Set down, exactly and only, everything from the line containing "The perfect colourful" down to the line containing "薄手のカットソー地・後ろ身頃" in the data below; the pictures are not part of the copy.
**** Supplied data
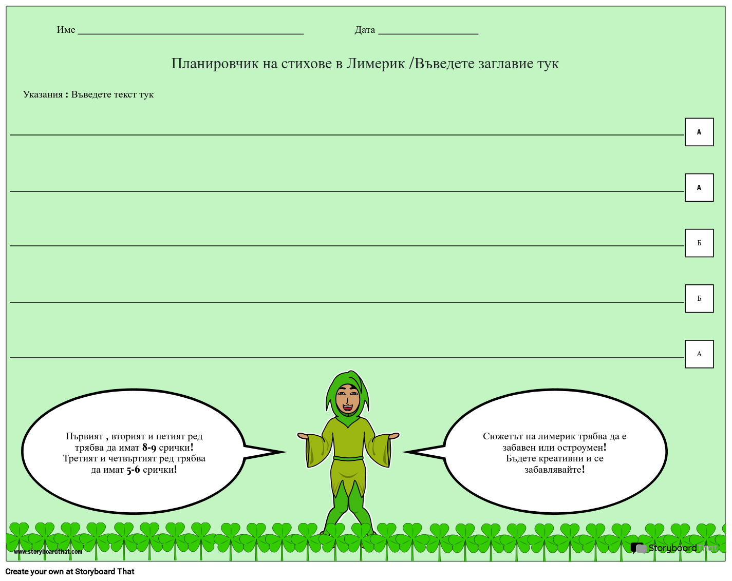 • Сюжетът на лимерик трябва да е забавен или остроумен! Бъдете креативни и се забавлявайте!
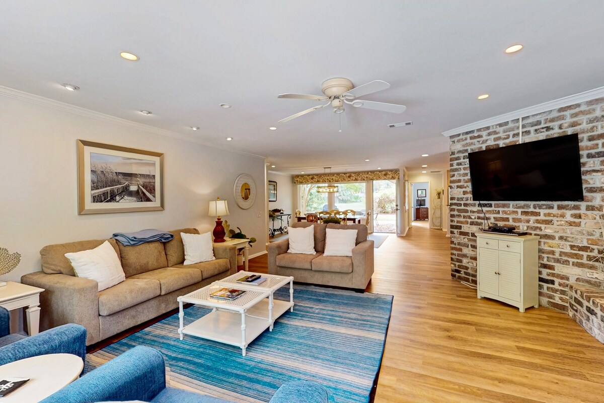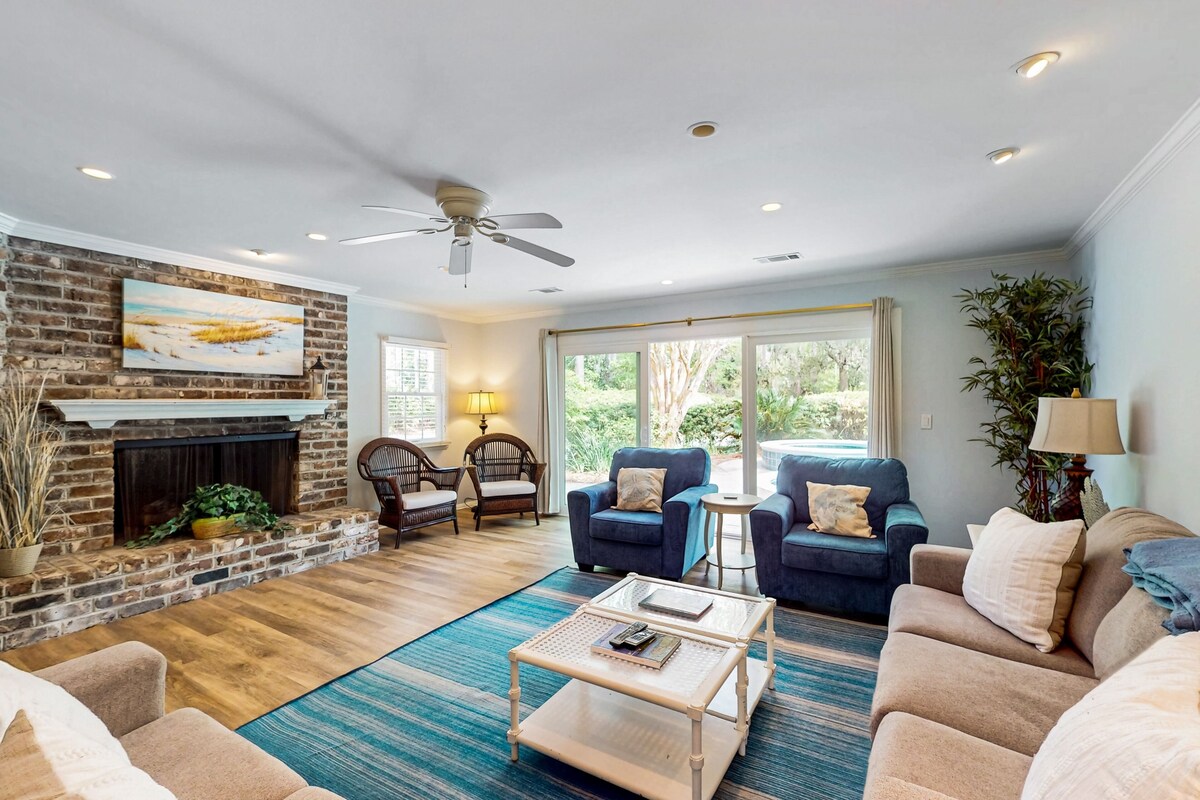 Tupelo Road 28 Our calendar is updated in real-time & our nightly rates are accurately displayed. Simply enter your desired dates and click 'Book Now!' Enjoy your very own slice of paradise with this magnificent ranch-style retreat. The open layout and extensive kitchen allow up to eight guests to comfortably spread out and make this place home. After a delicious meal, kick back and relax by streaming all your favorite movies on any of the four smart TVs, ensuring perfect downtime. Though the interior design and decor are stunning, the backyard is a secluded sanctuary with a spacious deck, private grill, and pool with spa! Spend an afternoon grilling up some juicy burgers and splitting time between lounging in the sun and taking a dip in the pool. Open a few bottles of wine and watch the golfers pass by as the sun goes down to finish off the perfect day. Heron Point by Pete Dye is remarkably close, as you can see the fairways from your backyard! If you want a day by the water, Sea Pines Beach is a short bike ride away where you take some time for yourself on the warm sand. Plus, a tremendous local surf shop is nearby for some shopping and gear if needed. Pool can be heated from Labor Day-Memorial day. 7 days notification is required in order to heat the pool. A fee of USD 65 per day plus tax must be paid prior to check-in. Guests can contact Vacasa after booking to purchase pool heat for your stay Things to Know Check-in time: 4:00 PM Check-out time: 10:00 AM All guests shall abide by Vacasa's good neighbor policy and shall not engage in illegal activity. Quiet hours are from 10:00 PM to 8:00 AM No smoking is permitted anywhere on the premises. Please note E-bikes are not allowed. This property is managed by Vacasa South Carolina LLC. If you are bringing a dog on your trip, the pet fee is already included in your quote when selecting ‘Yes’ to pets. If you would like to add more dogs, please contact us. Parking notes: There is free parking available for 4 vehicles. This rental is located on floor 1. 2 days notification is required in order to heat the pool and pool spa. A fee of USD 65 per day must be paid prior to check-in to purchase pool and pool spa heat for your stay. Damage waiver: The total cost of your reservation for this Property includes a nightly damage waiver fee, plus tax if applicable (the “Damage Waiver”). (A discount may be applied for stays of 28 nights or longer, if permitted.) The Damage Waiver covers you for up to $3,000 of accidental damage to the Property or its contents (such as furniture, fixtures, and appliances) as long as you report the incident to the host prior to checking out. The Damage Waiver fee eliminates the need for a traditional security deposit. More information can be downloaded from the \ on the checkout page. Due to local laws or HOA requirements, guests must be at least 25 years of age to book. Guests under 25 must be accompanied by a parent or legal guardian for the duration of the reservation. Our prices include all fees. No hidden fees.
********
**** Supplied data
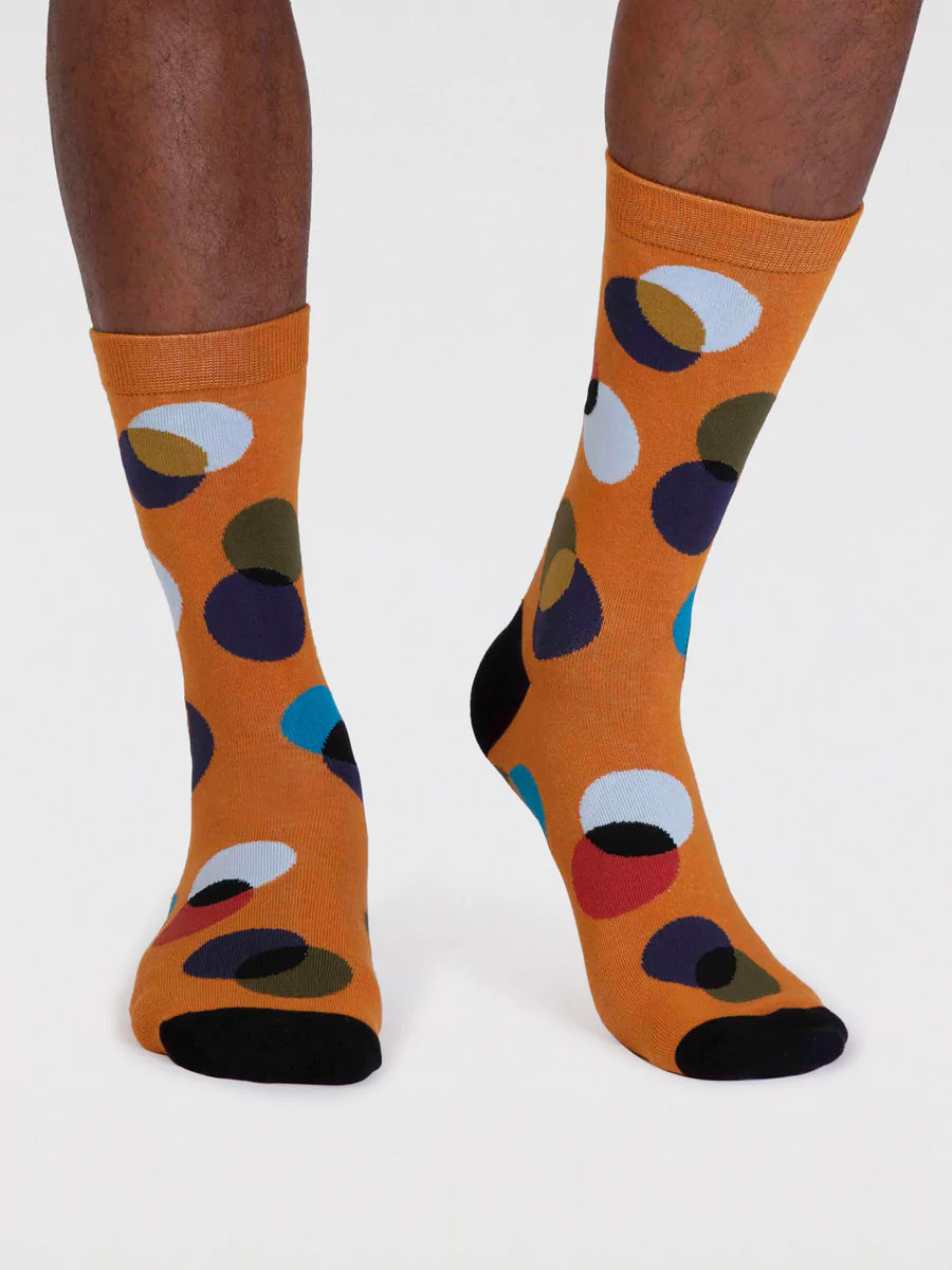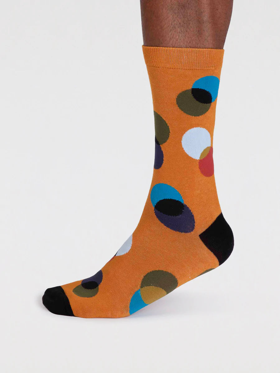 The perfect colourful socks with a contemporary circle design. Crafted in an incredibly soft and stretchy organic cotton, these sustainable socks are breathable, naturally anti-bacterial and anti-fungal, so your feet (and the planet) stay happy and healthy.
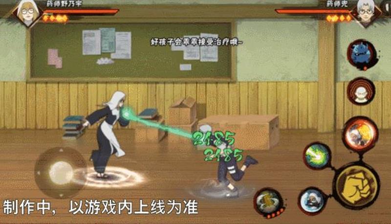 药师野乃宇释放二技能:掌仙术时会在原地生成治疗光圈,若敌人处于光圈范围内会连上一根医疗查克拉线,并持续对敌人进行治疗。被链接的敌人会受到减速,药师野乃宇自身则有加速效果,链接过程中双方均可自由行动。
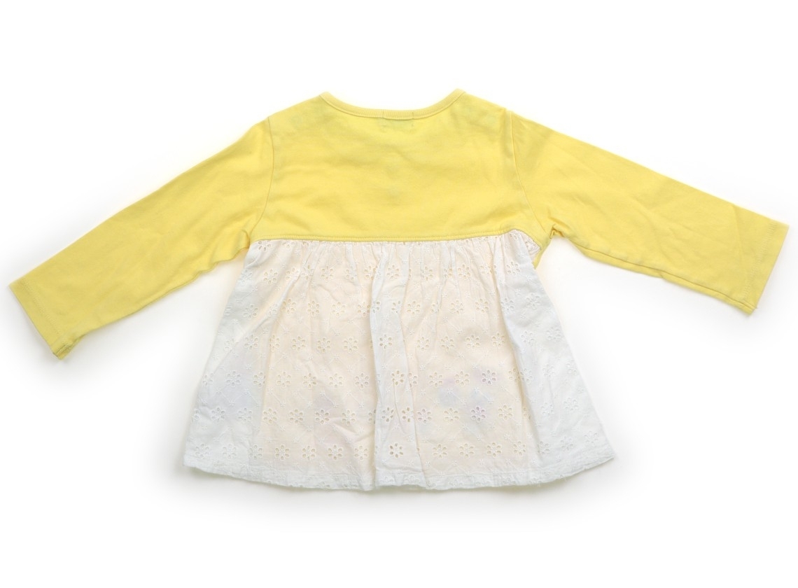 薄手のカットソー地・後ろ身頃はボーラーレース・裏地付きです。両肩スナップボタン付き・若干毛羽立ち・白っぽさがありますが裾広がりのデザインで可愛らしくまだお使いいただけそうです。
********
**** Supplied data
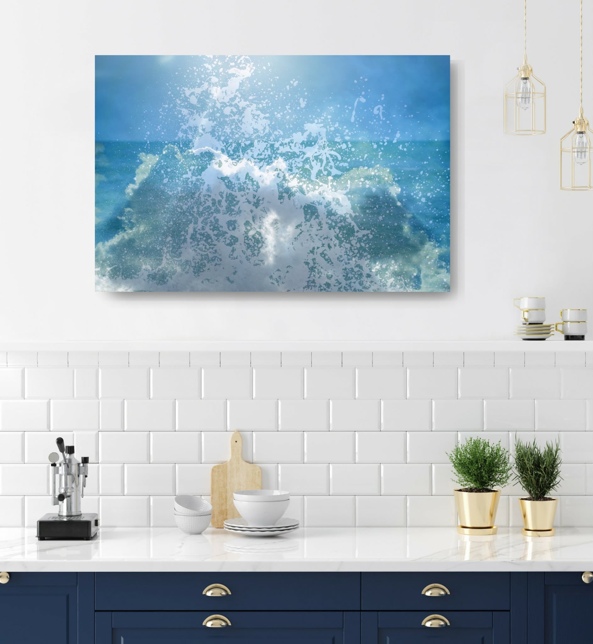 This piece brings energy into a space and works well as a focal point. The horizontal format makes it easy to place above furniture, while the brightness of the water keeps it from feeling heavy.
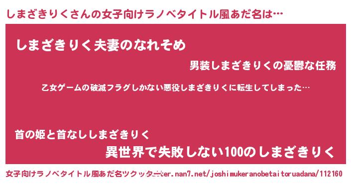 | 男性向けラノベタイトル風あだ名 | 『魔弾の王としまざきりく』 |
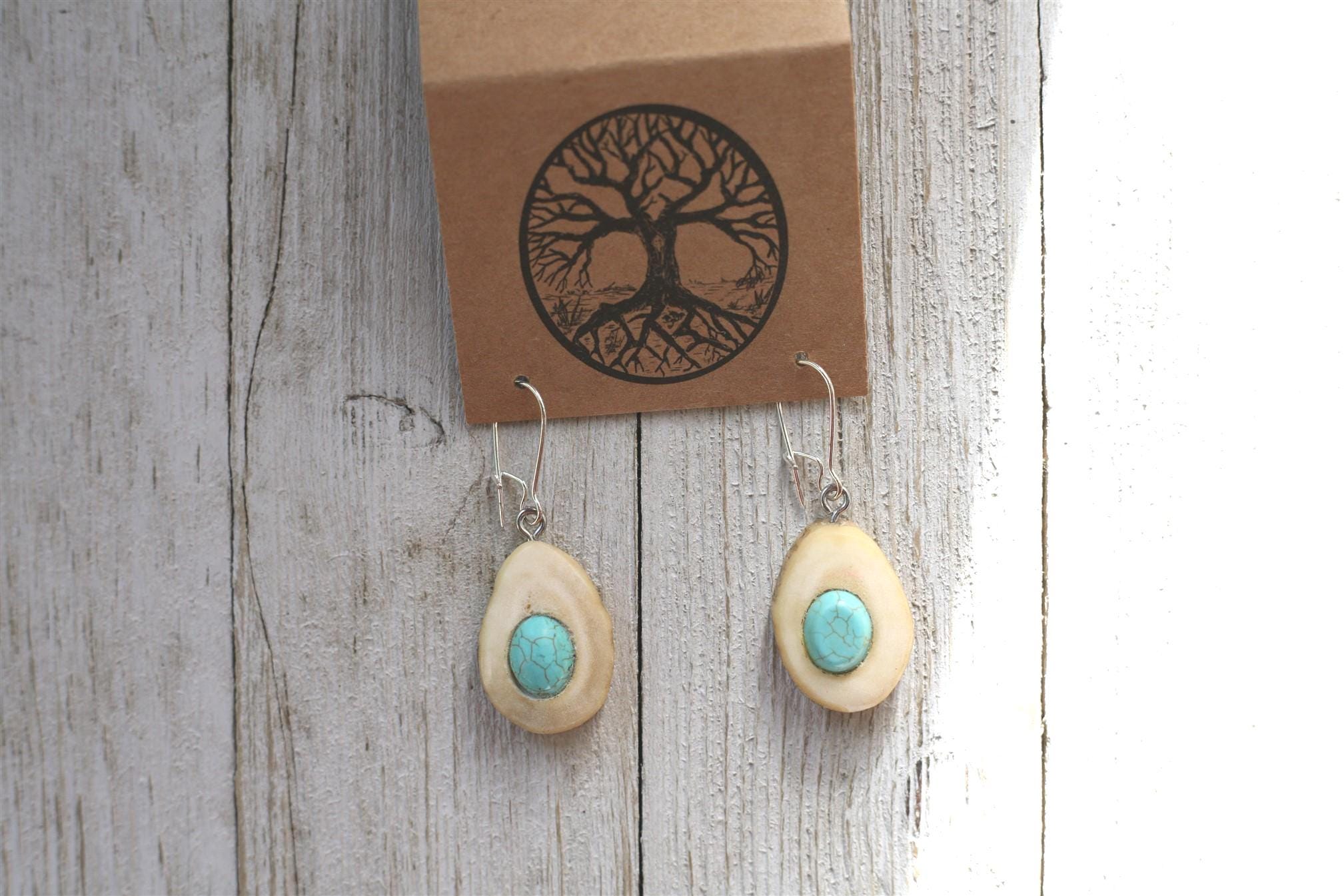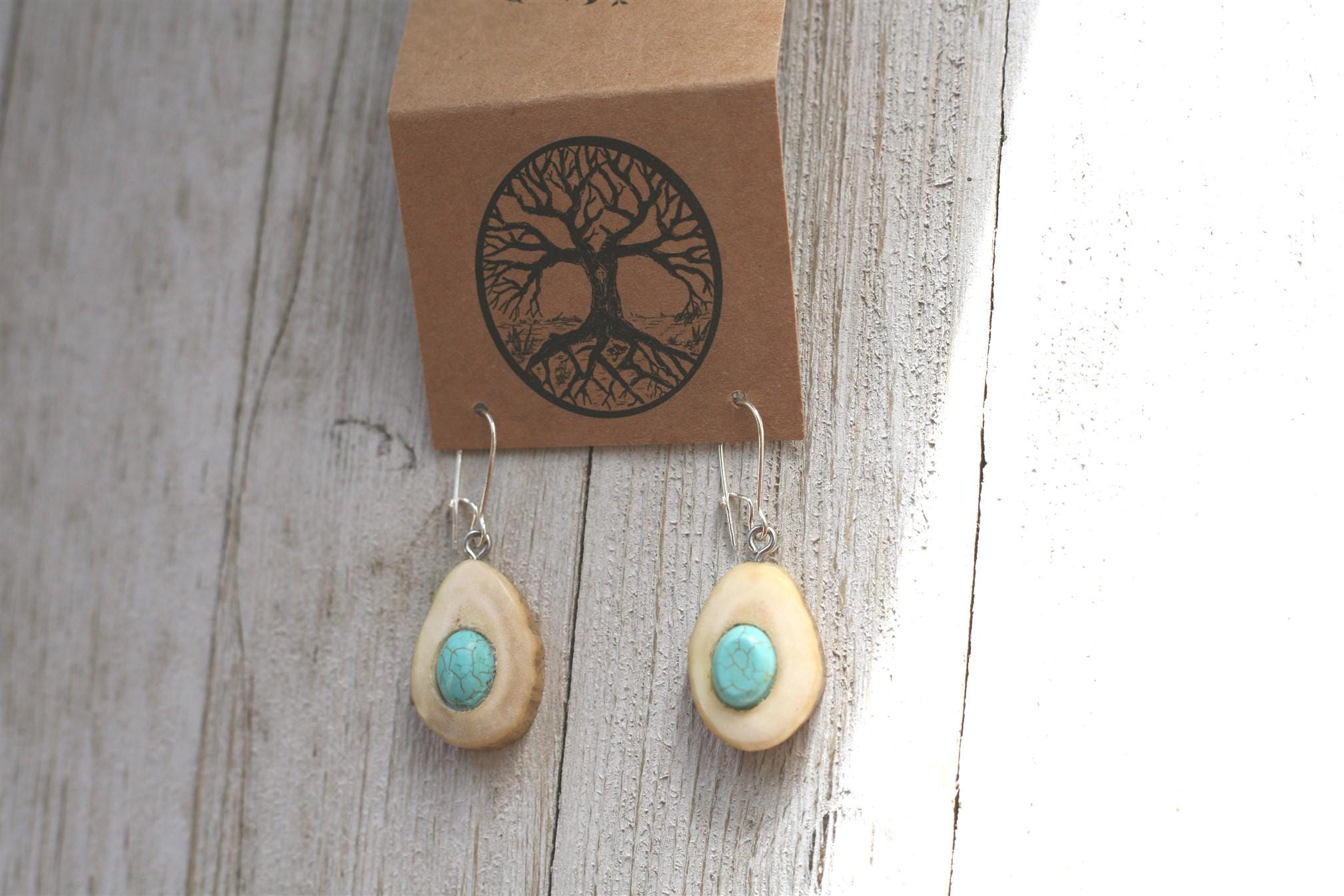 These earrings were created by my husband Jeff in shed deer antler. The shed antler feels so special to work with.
********
### [Response to the exercise]
 The perfect colourful socks with a contemporary circle design. Crafted in an incredibly soft and stretchy organic cotton, these sustainable socks are breathable, naturally anti-bacterial and anti-fungal, so your feet (and the planet) stay happy and healthy.
 药师野乃宇释放二技能:掌仙术时会在原地生成治疗光圈,若敌人处于光圈范围内会连上一根医疗查克拉线,并持续对敌人进行治疗。被链接的敌人会受到减速,药师野乃宇自身则有加速效果,链接过程中双方均可自由行动。
 薄手のカットソー地・後ろ身頃はボーラーレース・裏地付きです。両肩スナップボタン付き・若干毛羽立ち・白っぽさがありますが裾広がりのデザインで可愛らしくまだお使いいただけそうです。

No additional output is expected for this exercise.